That 'free' pin should be wired to 3.3V supply. A note by onehorse with his unit says floating can give unreliable results.

May not be the primary problem . . .

 

[SteveH]

You can use an i2c multiplexor and access multiple devices using the same address, in case the address is fixed for your various IMUs. This will let you hook up 8 like-devices, and you can add additional multiplexors to access up to 64 devices. It basically just gives you a simple way to access each device.
https://learn.adafruit.com/adafruit-tca9548a-1-to-8-i2c-multiplexer-breakout/overview

 

[GremlinWrangler]

Trick with a multiplexor is that you then need custom code on the Teensy side to do the sensor fusion side of things, since you have a single interface instance getting data from two different sensors. If you just want the raw sensor data you can just manually toggle back and forth, but gets interesting when you want a stream of data into some form of algorithm.

 

[Bita]

Dear all:
Thank you all of you for your help. I finally can read Two IMUs using the same I2C bus. Now, I would like to use the second I2C bus on Teensy, and read from 4 IMUs. 4 IMUs are the maximum number of IMUs that I need for my project. So, I want to use Wire1 for the second bus. Based on information of this topic:
https://forum.pjrc.com/threads/21680-New-I2C-library-for-Teensy3
I added the i2c_t3 library in Arduino library and changed the #include <Wire.h> to #include <i2c_t3.h>. But I received compiler error:
collect2.exe: error: ld returned 1 exit status
I played a lot to remove this error. finally I gave up and tried to use Wire.h library. when I use for example Wire1.begin(), the error is Wire1 has not been declared in this scope.
Now I am using this piece of code:
#include <Wire.h>
extern TwoWire Wire1;
to somehow declare Wire1 but again I get the same error:
collect2.exe: error: ld returned 1 exit status
have no idea how to get rid of this! Any ideas?
Thanks

 

[KurtE]

Again it is sometimes hard to help debug problems without seeing code and the like.

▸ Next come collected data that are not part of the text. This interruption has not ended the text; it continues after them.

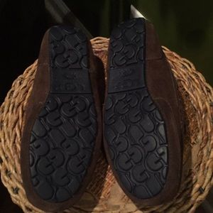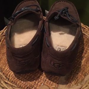 Authentic used men’s Uggs Loafers/slippers. Brown suede with blue leather size 8
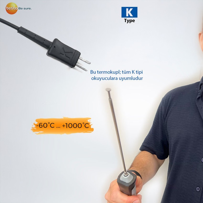Testo 0602 4892 k tipi termokupl ürünü; uç kısmındaki mıknatıs yapı ile metal yüzeylere tutunarak -50 … +400 °C sıcaklık değerleri arasında ölçüm yapabilen yüksek kalitede bir sıcaklık ölçer probdur. Ölçüm yapabilmek için bir K tipi okuyucuya ihtiyaç durmaktadır.
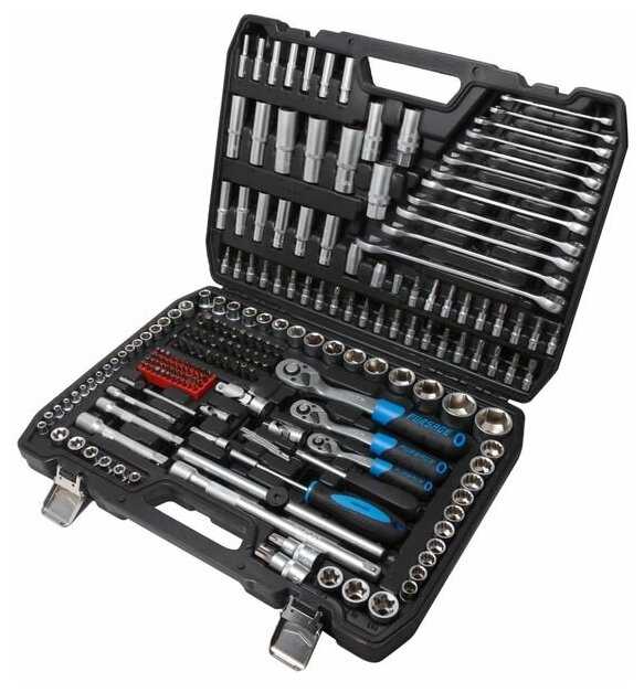 | Головки торцевые подробно : | 1/2": 10 11 12 13 14 15 17 19 20 21 22 24 27 30 32 мм, 1/2": E20 E22 E24, Т-образный вороток: 1/2" 1/4", кардан: 1/2" 3/8" 1/4", трещотка: 1/2" 3/8" 1/4", 1/2": удлинители 125 250 мм, 1/2": свечные головки 16 21 мм, 1/4": 4 4.5 5 5.5 6 7 8 9 10 11 12 13 14 мм, 1/4": E4 E5 E6 E7 E8, 1/4": удлинители 50 100 мм, 1/4": отвертка под биты, 3/8": 10 11 12 13 14 15 16 17 18 19 мм, 3/8": E10 E11 E12 E14 E16 E18, 3/8": головки свечные 18 мм |
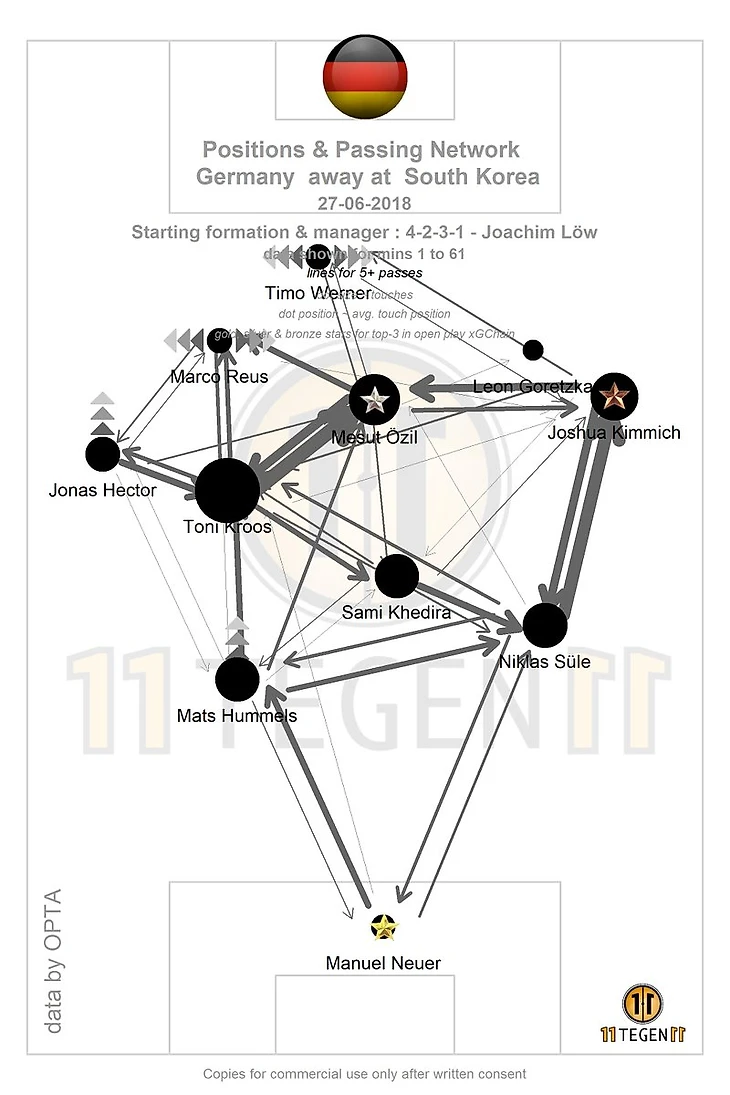 Итак, Германия - Южная Корея. Сценарий достаточно знакомый: явный фаворит, явный аутсайдер без шансов на выход из группы, фавориту надо идти вперед и выигрывать матч. И по игре немцы, как и ожидалось, разбили своего оппонента. Вот тут все можете увидеть. Мячом фавориты владели 3/4!!!! игрового времени, ударов нанесли 28 против 12, из которых лишь 4 удара были из штрафной площадки, у немцев 90% точность пасов, все на уровне фаворита встречи.
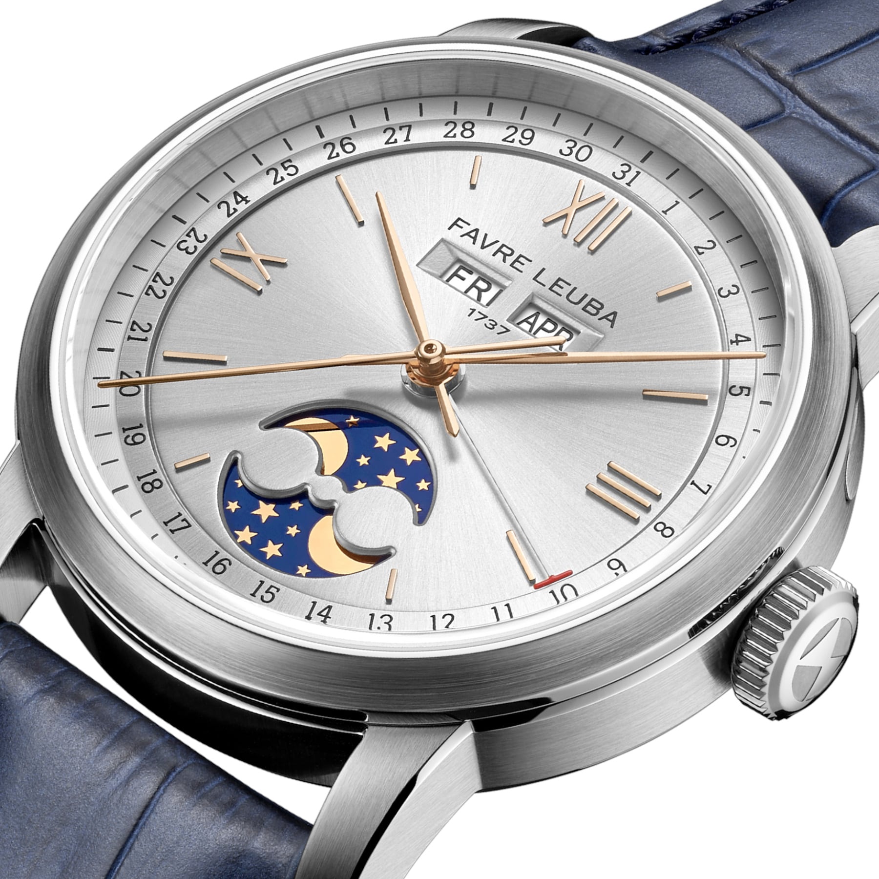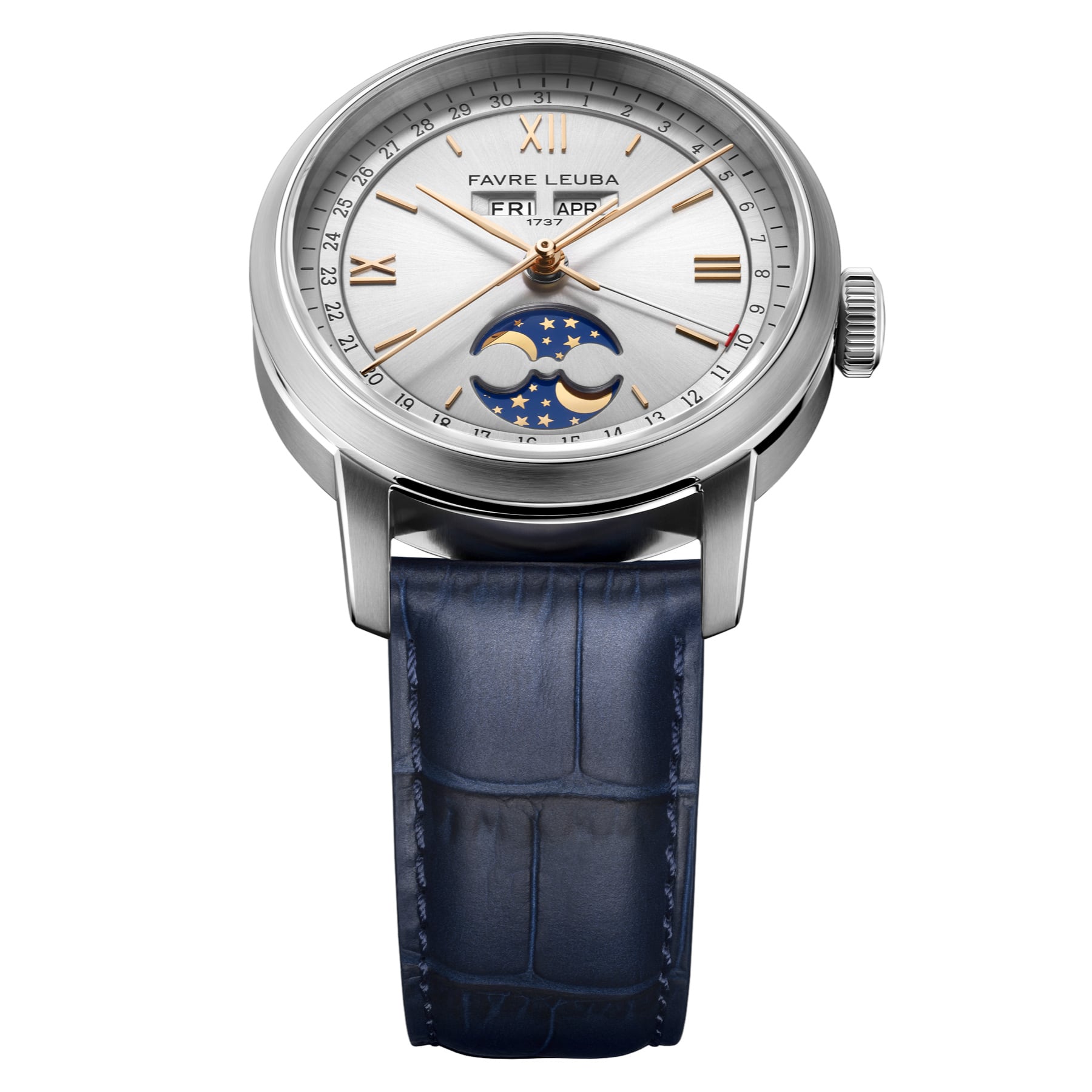 The 1737 revisits one of Favre Leuba’s most revered complications, drawing direct inspiration from the brand’s triple calendar and moon phase watches produced during the 1950s. Its name references the year Abraham Favre began the family’s watchmaking lineage, anchoring the watch within nearly three centuries of uninterrupted heritage. The 1737 presents a classical complication in a form that feels relevant, refined, and purposefully modern.
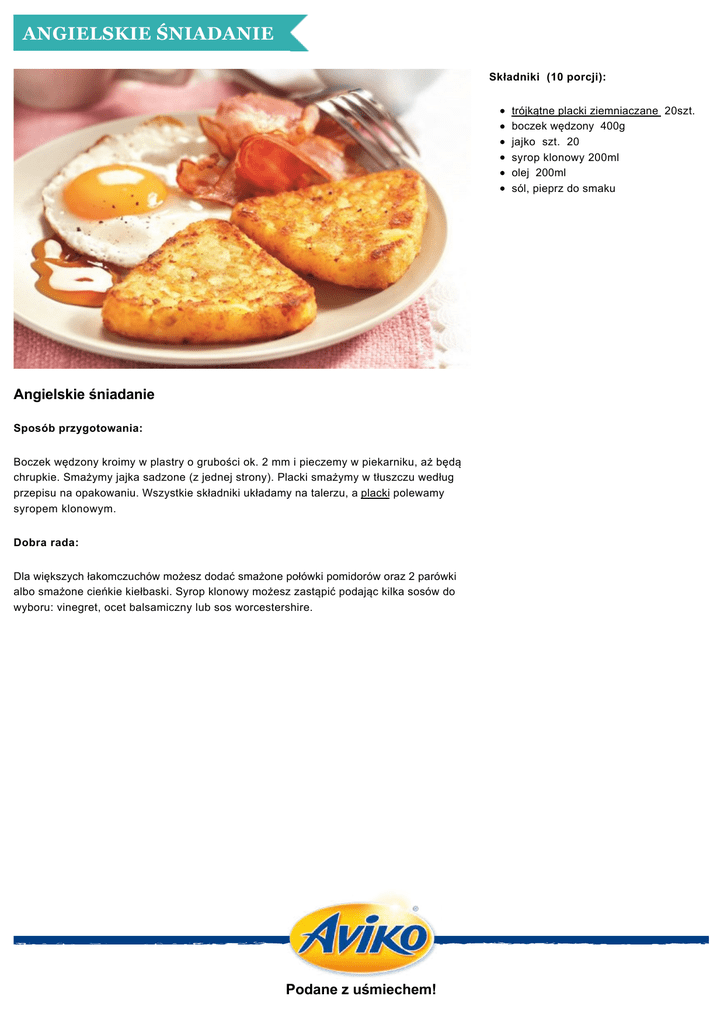ANGIELSKIE ŚNIADANIE Składniki (10 porcji): trójkątne placki ziemniaczane 20szt. boczek wędzony 400g jajko szt. 20 syrop klonowy 200ml olej 200ml sól, pieprz do smaku Angielskie śniadanie Sposób przygotowania: Boczek wędzony kroimy w plastry o grubości ok. 2 mm i pieczemy w piekarniku, aż będą chrupkie. Smażymy jajka sadzone (z jednej strony). Placki smażymy w tłuszczu według przepisu na opakowaniu. Wszystkie składniki układamy na talerzu, a placki polewamy syropem klonowym. Dobra rada: Dla większych łakomczuchów możesz dodać smażone połówki pomidorów oraz 2 parówki albo smażone cieńkie kiełbaski. Syrop klonowy możesz zastąpić podając kilka sosów do wyboru: vinegret, ocet balsamiczny lub sos worcestershire. Podane z uśmiechem!

An issue that many have run into is the Wire library only works on Wire (0) object, it does not have support for Wire1, Wire2, Wire3, depending on which boards you have. In your case I think Teensy3.2 so only Wire.

I2C_t3 library is great, but it creates the same Wire object as the wire library and uses the same processor resources. So if a program uses both, typically it dies in the link (ld) phase with duplicate symbols or the like. And the problem is that if you are including libraries that work with I2C, they typically have wire.h included and you run into these issues.

Currently I have a version of Wire library, that I created that creates the other objects. I am still playing with it so I have not issued a PULL reuest yet. Things like if I automatically create Wire1 and you don't use it, it eats up memory... So how best to minimize it.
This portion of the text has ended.